Directions for this task: Print the data verbatim. Leave every image out.

#### Supplied data ####

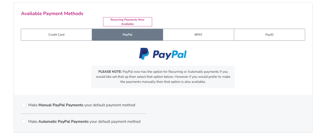 Currently, we offer the ability to set up automatic payments through Credit/Debit cards or PayPal. We are unable to process payments automatically through BPAY or PayID. If your default payment method is set to use any of these, you will need to manually pay your invoice.
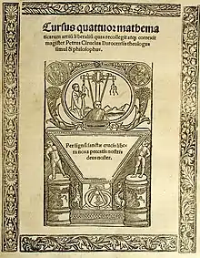 On the topic of proportions, Ciruelo's four part Cursus also contains a treatise on music theory.[7] These writings were exemplary of the "arithmetization of geometry" taking place in mathematics during the 16th century.[7] That is, they represent a shift towards proving geometric theorems solely algebraically, choosing to treat geometric objects as abstract algebraic symbols, rather than physical items in space. The subtle emphasis on the algebra being a "symbol" is dropped in this time period, such that the symbol and the geometric object represented by it are viewed as one in the same. This was of great relevance to music theory, as it is by nature intrinsically geometric, involving the division of strings into intervals.[7] Ciruelo's work is able to explain such concepts without reference to physical, geometric strings. For example, he describes a method with which to break compound intervals down into the sum of smaller intervals solely using numeric ratios.[7] This level of abstraction outlined by Ciruelo and other 16th-century scholars is credited with providing a "better approach to equal temperament [tuning]" within this time period.[7]
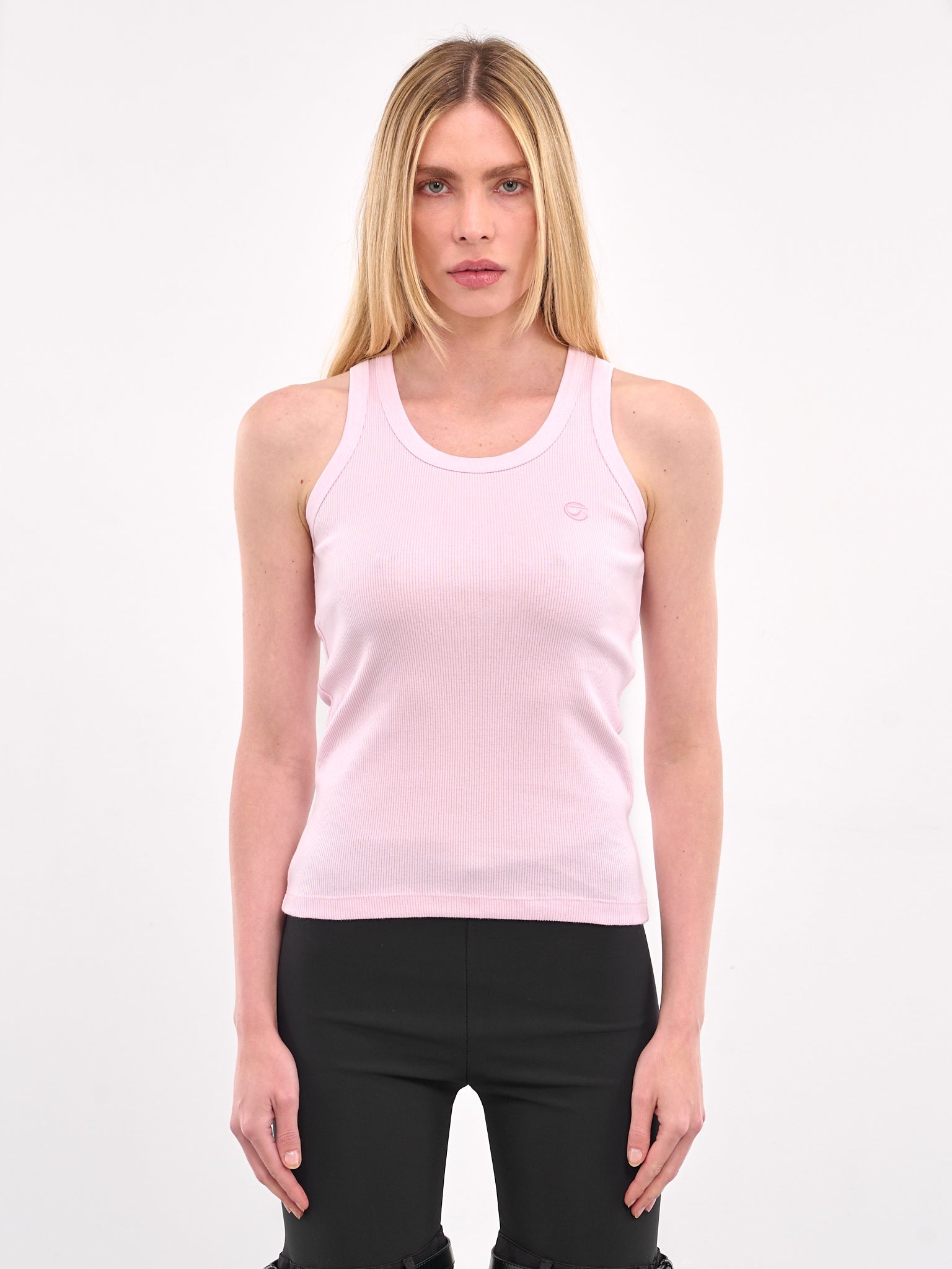 COPERNI tank in pink, paneled cotton construction, rib-knit, scoop neck, shoulder straps, sleeveless, armscyes, chest logo embroidery, straight hem, slim fit. Made in Portugal 100% Cotton Standard Sizing Model is 5'8" wearing size S. Bust: 32" Waist: 24" Hips: 35"
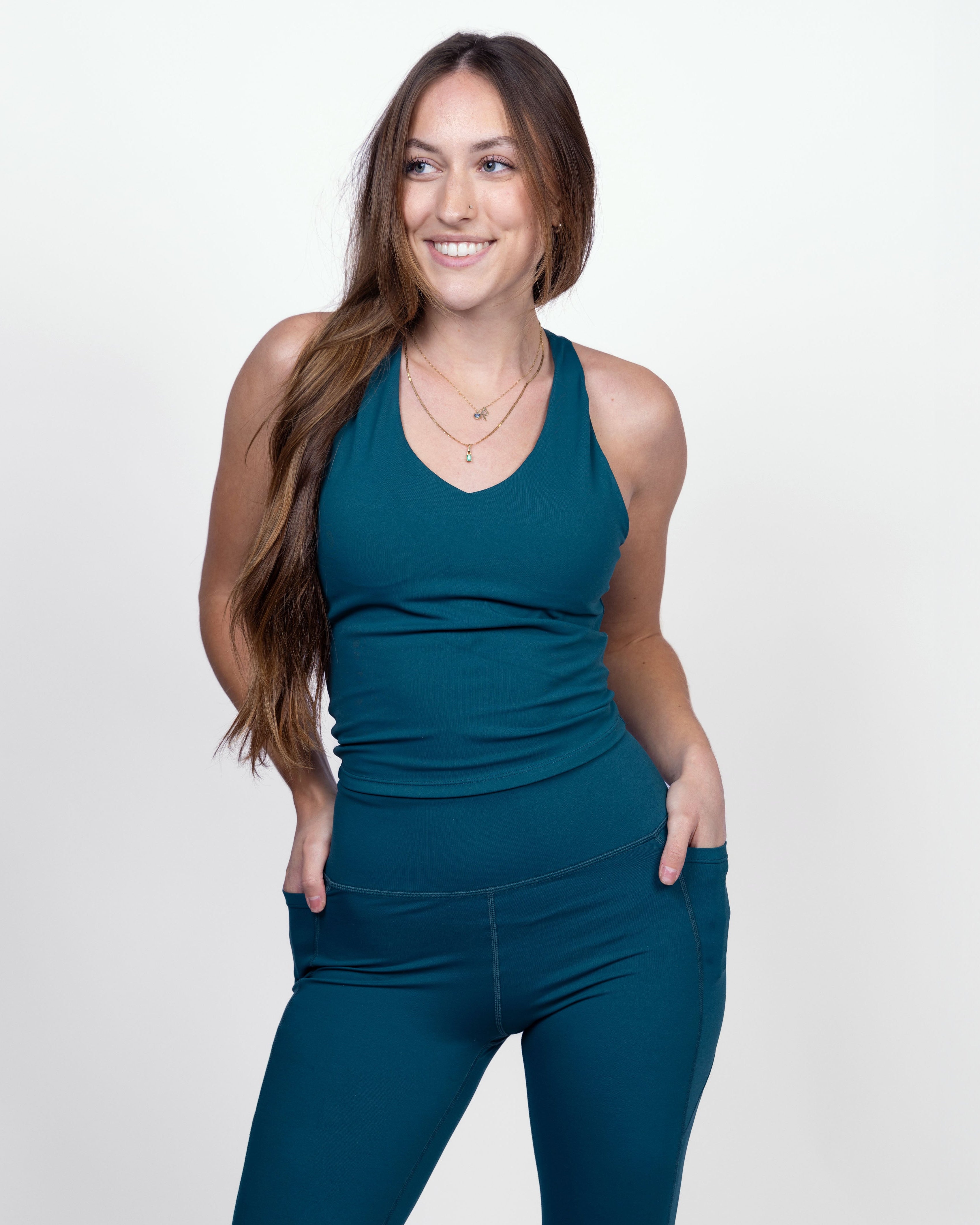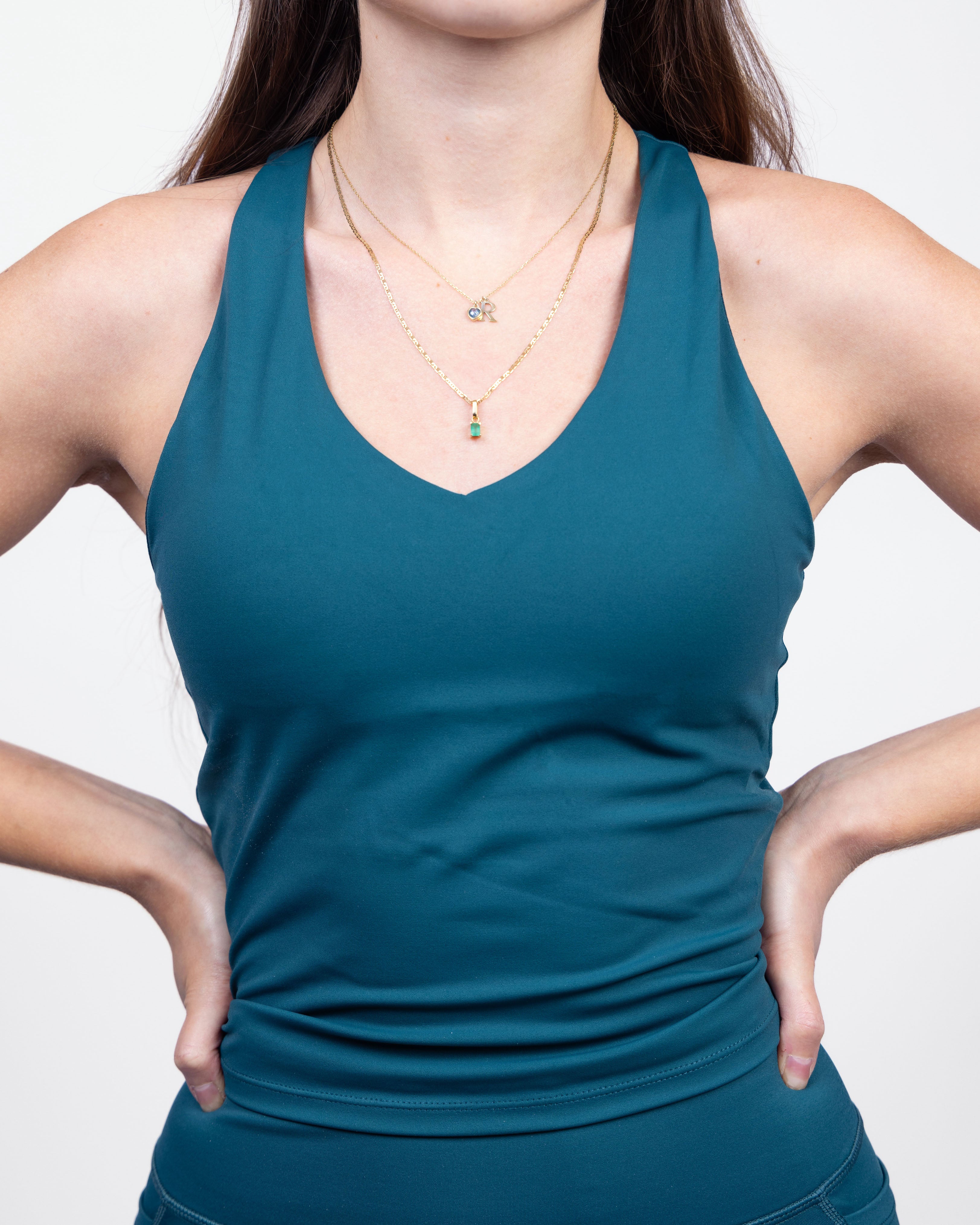 Sleek, supportive, and made to move. The Lux Velocity Racerback Crop is crafted from our signature compressive Lux fabric for a smooth, sculpted fit that stays put through every workout. With a built-in shelf bra, removable pads, and a flattering V-neckline, this fitted tank delivers style, support, and confidence—all in one streamlined design.

####

Answer box:
 Currently, we offer the ability to set up automatic payments through Credit/Debit cards or PayPal. We are unable to process payments automatically through BPAY or PayID. If your default payment method is set to use any of these, you will need to manually pay your invoice.
 On the topic of proportions, Ciruelo's four part Cursus also contains a treatise on music theory.[7] These writings were exemplary of the "arithmetization of geometry" taking place in mathematics during the 16th century.[7] That is, they represent a shift towards proving geometric theorems solely algebraically, choosing to treat geometric objects as abstract algebraic symbols, rather than physical items in space. The subtle emphasis on the algebra being a "symbol" is dropped in this time period, such that the symbol and the geometric object represented by it are viewed as one in the same. This was of great relevance to music theory, as it is by nature intrinsically geometric, involving the division of strings into intervals.[7] Ciruelo's work is able to explain such concepts without reference to physical, geometric strings. For example, he describes a method with which to break compound intervals down into the sum of smaller intervals solely using numeric ratios.[7] This level of abstraction outlined by Ciruelo and other 16th-century scholars is credited with providing a "better approach to equal temperament [tuning]" within this time period.[7]
 COPERNI tank in pink, paneled cotton construction, rib-knit, scoop neck, shoulder straps, sleeveless, armscyes, chest logo embroidery, straight hem, slim fit. Made in Portugal 100% Cotton Standard Sizing Model is 5'8" wearing size S. Bust: 32" Waist: 24" Hips: 35"
 Sleek, supportive, and made to move. The Lux Velocity Racerback Crop is crafted from our signature compressive Lux fabric for a smooth, sculpted fit that stays put through every workout. With a built-in shelf bra, removable pads, and a flattering V-neckline, this fitted tank delivers style, support, and confidence—all in one streamlined design.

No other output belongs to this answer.